А вот я бы не был так уверен в этом. Видимо, она прочла это в моих льйини и порывисто воскликнула:

— Когда воин узнает обстоятельства, он отбросит всякие сомнения.

Было видно, что, хоть она и прекрасно владела языком, церемонное построение фраз давалось ей с трудом. Я недовольно поморщился, насколько мне это позволяла мимика — сам терпеть не могу церемонии, а уж в таких обстоятельствах и подавно. Способность двигаться все не возвращалась, с трудом удалось прогнать мысль о парализации или сломанном позвоночнике. Тут же, словно отвечая моим мыслям, по телу заструились льйини силы, возвращая слабую чувствительность конечностям. Я смог повернуть голову обратно и даже подтянуть руку к груди.

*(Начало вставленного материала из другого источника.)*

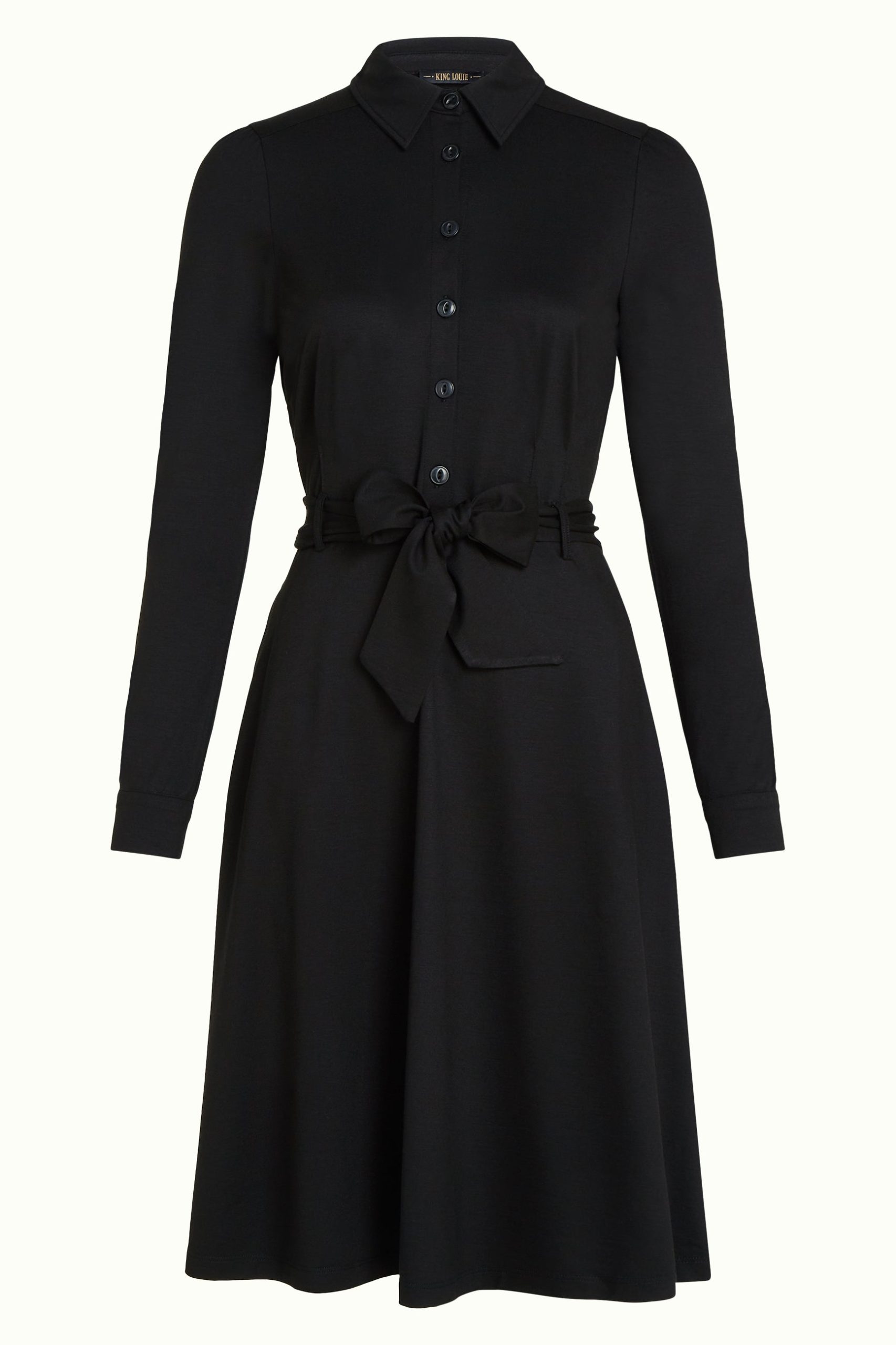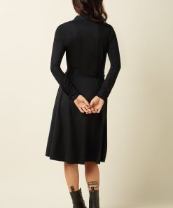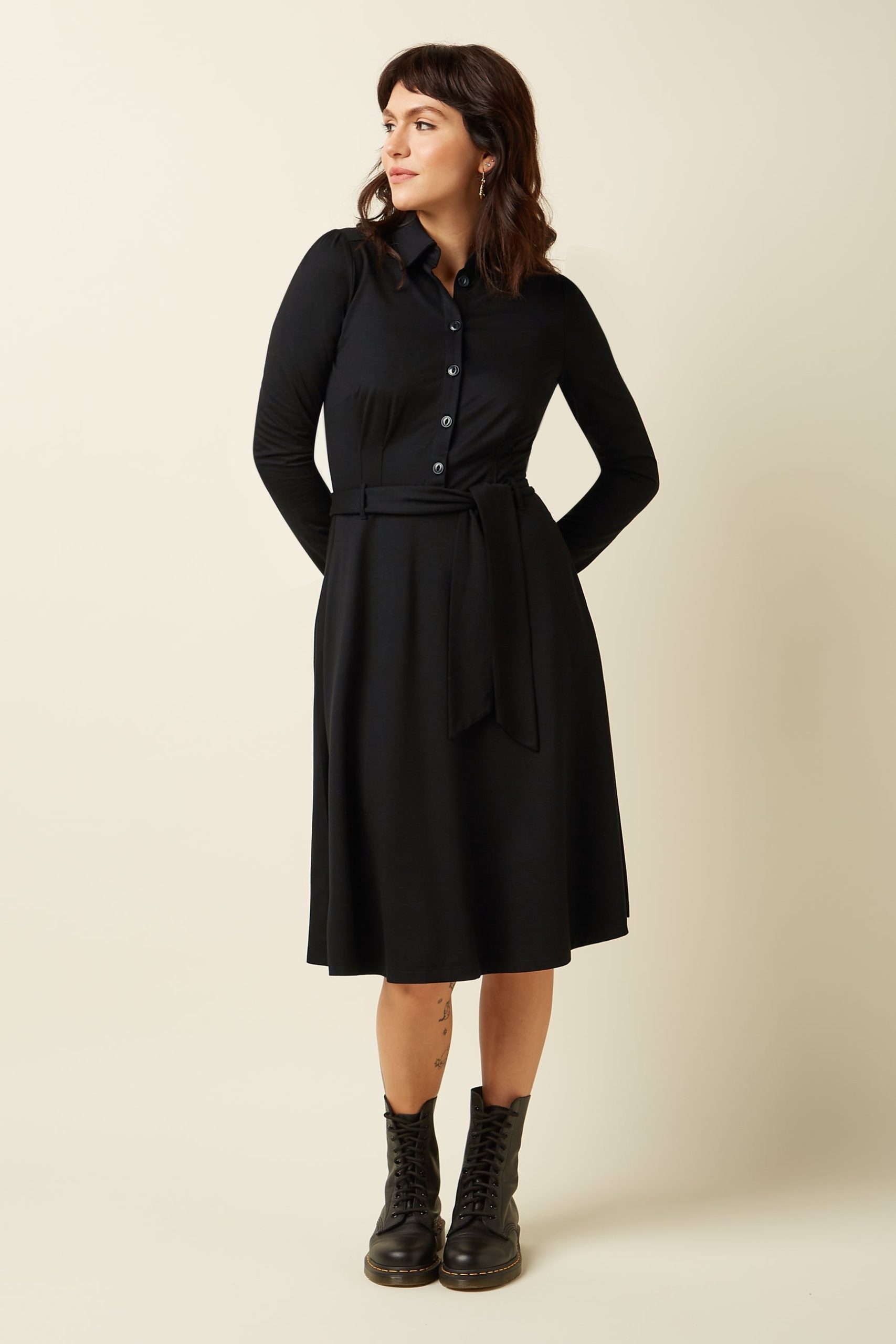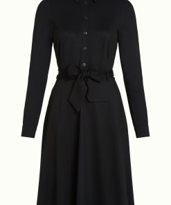 The Sheeva Dress Viscose Classic is a sophisticated shirt dress with a blouse collar, long cuffed sleeves, and a tie belt that defines its flared, knee-length silhouette. Crafted from stretchy viscose jersey, it features a refined button closure for elegant comfort.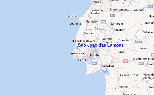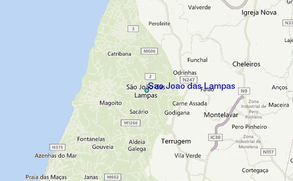 Use this relief map to navigate to tide stations, surf breaks and cities that are in the area of Sao Joao das Lampas.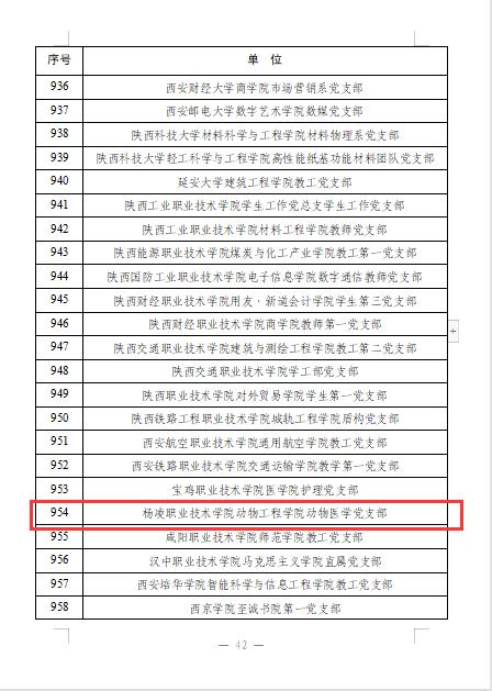 近期,教育部思想政治工作司、省委教育工委先后公布第三批新时代高校党建示范创建和质量创优工作名单。浦京动物工程学院党总支动物医学党支部入选全国党建工作样板支部创建单位。学校党委、生态环境工程学院党总支、生物工程学院党总支植物保护与农业生物技术党支部分别入选陕西省党建示范高校党委、党建标杆院系、党建样板支部创建单位。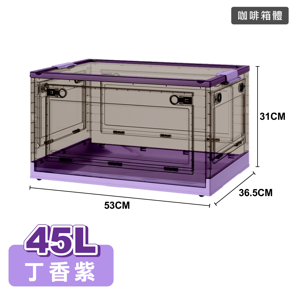 商品名 / | 【ONE HOUSE】45L加固款五開門折疊收納箱(1入) 咖啡箱體-丁香紫 |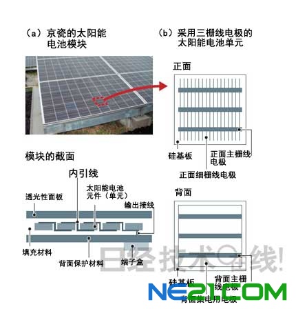 京瓷获得专利的三栅线电极构造是一种在结晶硅型太阳能电池单元的正面形成3条较粗电极的构造(图1)。与传统的2条主栅线(Bus Bar)的电极相比,除了可以降低电阻外,还可以增加采光面积、提高可靠性,因此“在日本国内视市场上流通的结晶硅型太阳能电池中,约六成都采用这种构造”(京瓷)。实际上,德国的Q-Cells和中国的尚德电力等海外知名厂商也在采用三栅线电极构造(图2)注2)。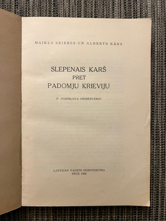 | Grāmata “Slepenais karš pret padomju Krieviju” (M. Seierss, A. Kāns) ir dokumentāls pētījums par Rietumvalstu slepenajām intervencēm un sazvērestībām pret PSRS no 1918. līdz 1945. gadam. Autori balstās uz ASV un Lielbritānijas valdības dokumentiem, tiesas stenogrammām un memuāriem, atklājot “sanitārā kordona” politiku, kontrrevolūciju un ceļu no Minhenes līdz Sanfrancisko. Darbs uzskatāmi parāda, | |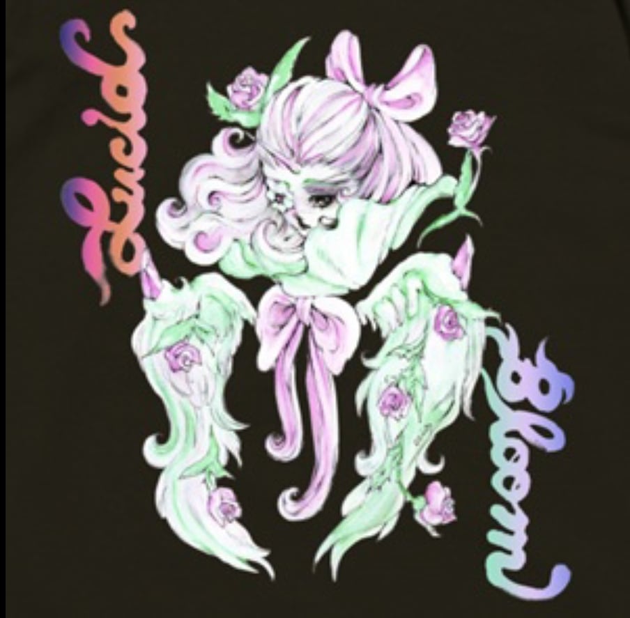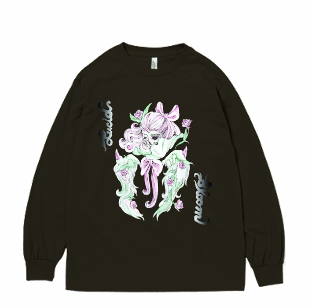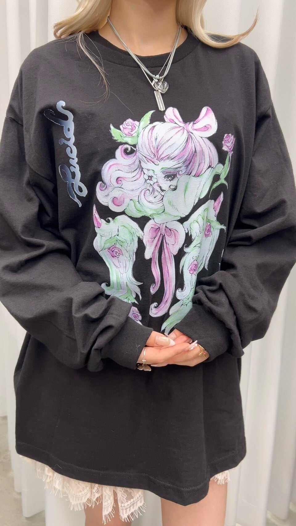 背面にワンポイント、前面プリントの長袖Tシャツです。

— С твоим телом все в порядке, хассуэре. Просто ты давно пребывал без движения, вот оно и не желает слушаться. Также требуется восстановить силовые льйини, что невозможно было сделать, пока ты находился без сознания, — услышал я голос Лиссанайи. — Сейчас я немного подтяну тебе льйини извне, чтобы ты мог поесть, но потом придется восстанавливаться самому. Я помогу тебе сесть.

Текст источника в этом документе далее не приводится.